The reply needs the lines from the one containing "Материал: основная ткань" through the end of the material, each repeated exactly, and no pictures.
Segment Start: Source data
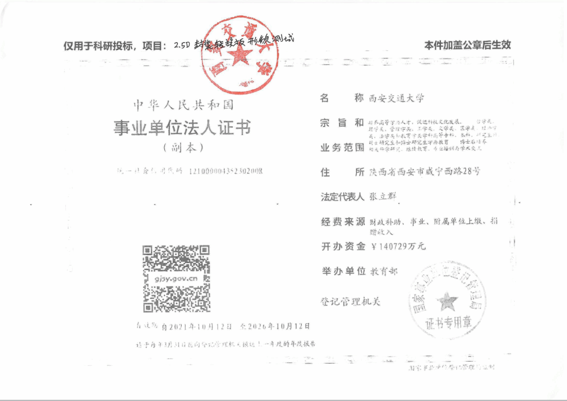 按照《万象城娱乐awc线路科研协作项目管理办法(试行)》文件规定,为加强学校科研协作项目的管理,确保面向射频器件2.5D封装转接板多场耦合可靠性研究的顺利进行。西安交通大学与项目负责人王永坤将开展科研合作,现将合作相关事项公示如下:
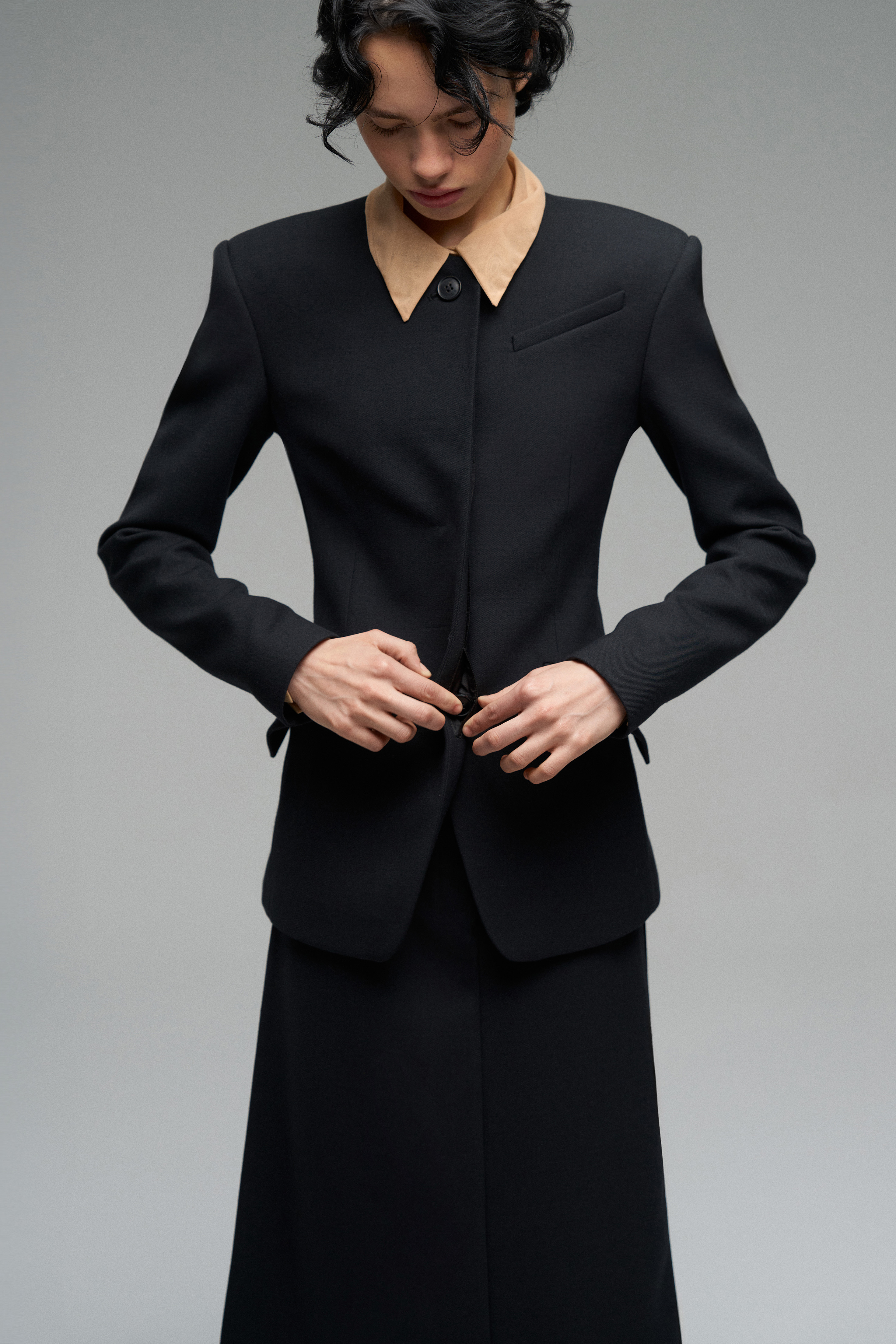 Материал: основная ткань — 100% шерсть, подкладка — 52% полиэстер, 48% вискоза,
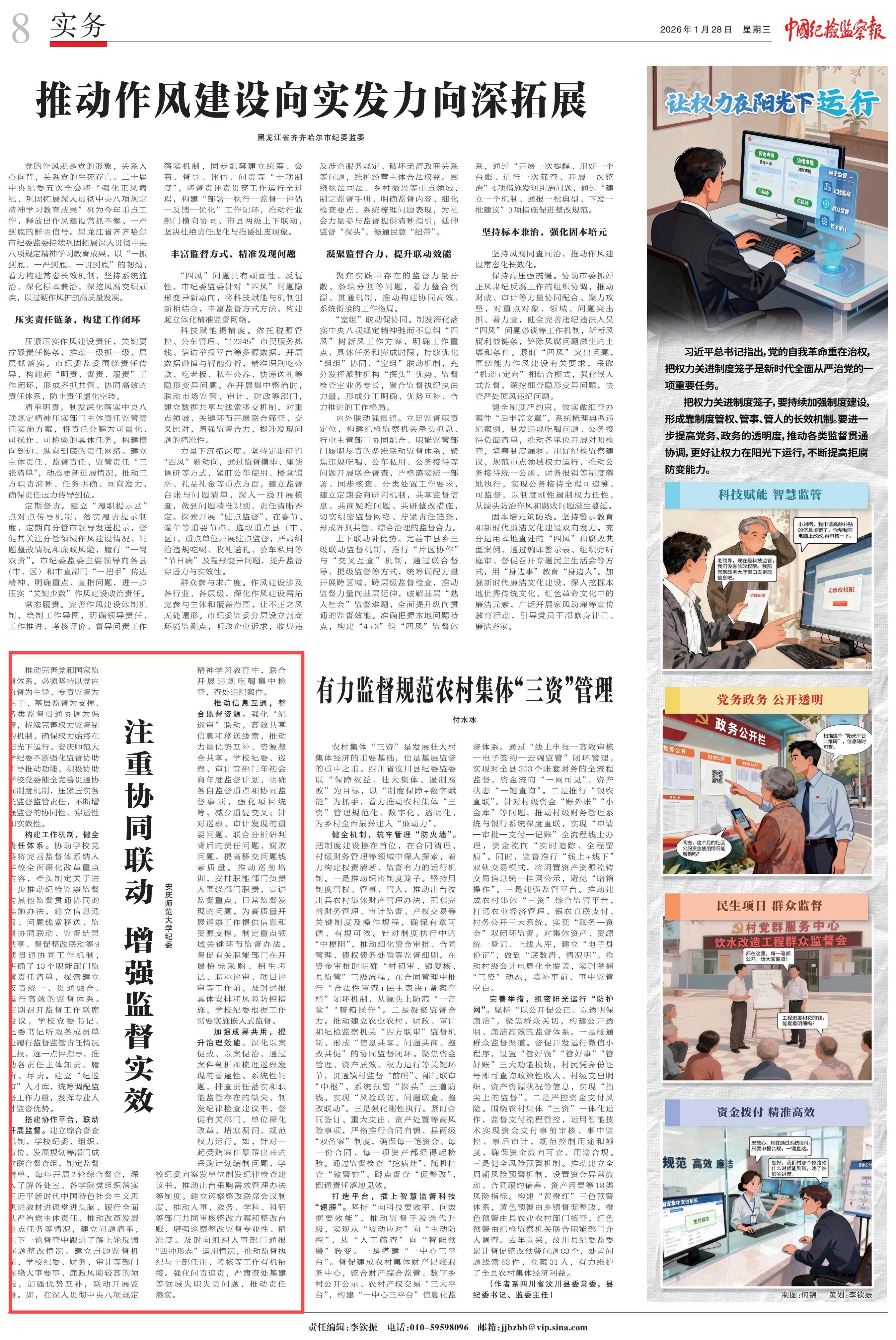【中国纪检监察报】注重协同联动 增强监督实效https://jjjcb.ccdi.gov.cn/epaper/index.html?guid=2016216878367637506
Segment End: Source data
● **Answer for the task**
 Материал: основная ткань — 100% шерсть, подкладка — 52% полиэстер, 48% вискоза,
【中国纪检监察报】注重协同联动 增强监督实效https://jjjcb.ccdi.gov.cn/epaper/index.html?guid=2016216878367637506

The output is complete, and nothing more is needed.